Words as Tools for Liberation: Glossary for Addressing Oppression, Part 1

My dentist has any number of tools he (or his assistant) rolls out. Many of them look identical to me (except that some have mirrors and others just have those horribly jaggy ends that look like misshapen paper clips), yet I am assured that each one is quite different, is able to get at different angles and parts of my mouth, and is designed to do a specific job in ways that lead to overall better oral health. I try not to spend much time looking at them, as I am basically a coward. This is despite the fact that I would recommend my dentist without reservation to anyone on the face of the planet.

Similarly, when seeking to create societal health, there are a lot of scary words out there that sound very similar and that few people want to look closely at. In fact, most people would like to just lump them all together under some general label like “being politically correct”–often accompanied with eye rolling, air quotes, or the like–and I believe it is out of the same family of fear that makes me not want to look at my dentist’s implements.
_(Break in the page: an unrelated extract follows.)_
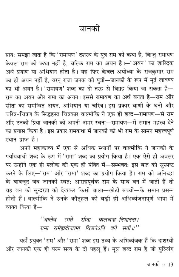 भारतीय चिन्तन के क्षेत्र में विख्यात अर्थवेत्ता व परमार्थवेत्ता श्री चिन्तामणि देशमुख और उनकी पत्नी श्रीमती दुर्गावाई देशमुख की प्रेरणा से प्रस्तुत रचना का प्रणयन हुआ था। आज से लगभग 14 वर्ष पहले की बात है जब श्रीमती दुर्गाबाई देशमुख ने अपनी संस्था 'आन्ध्र महिला सभा' की मुख पत्रिका 'विजयदुर्गा' के लिए एक विचारवर्धक लेख लिखने का मुझसे अनुरोध किया था अँग्रेजी और तेलुगु में प्रकाशित इस पत्रिका के लिए मैंने अंग्रेजी में लेख भेजा था जिसका शीर्षक था: 'जानकी इन वाल्मीकि'। देशमुख दम्पती को यह लेख इतना अच्छा लगा कि वे इसे लेखमाला का रूप देना चाहते थे। उनकी इच्छा के अनुसार जानकी से आरम्भकर शूर्पणखा तक रामायण के विभिन्न महिला पात्रों पर मैंने कुल मिलाकर बारह लेख दिये। यह लेखमाला 'विजयदुर्गा' के बारह अंकों में लगातार एक वर्ष तक प्रकाशित हुई और पाठकों की प्रशंसा से प्रेरित होकर 'आन्ध्र महिला सभा' ने उसे 'वीमेन इन वाल्मीकि' के नाम से पुस्तकाकार में प्रकाशित किया। लेखमाला के रूप में पहली बार अँग्रेजी में प्रकाशित इस रचना के प्रबुद्ध पाठकों में से प्रमुख थे भारत के तत्कालीन उपराष्ट्रपति श्री बी.डी. जत्ती, जिनका 'आमुख' इस प्रयास का प्रभाषक है। यह सारा काम 1976 में हुआ था।

What I want to do here is to begin rolling out and explaining the different words-as-tools in addressing oppression and social justice. What I offer am offering is a discussion of terms as I understand them and have been working with them. My discussion is neither exhaustive nor normative, but I believe I can offer some reasons why none of these words are exact synonyms and how each comes at different angles to ensure that we can cover as much of the pockets of disease, social cavities, and infected roots that continue to plague our social health and wellness.

In this first post of this Glossary Series, I’m rolling out terms that all name particular ways in which females have been and continue to be (mis)treated. This is a a starter list only, with more to follow.

The three words I want us to consider–and distinguish from one another–are these: misogyny, sexism, and patriarchalism.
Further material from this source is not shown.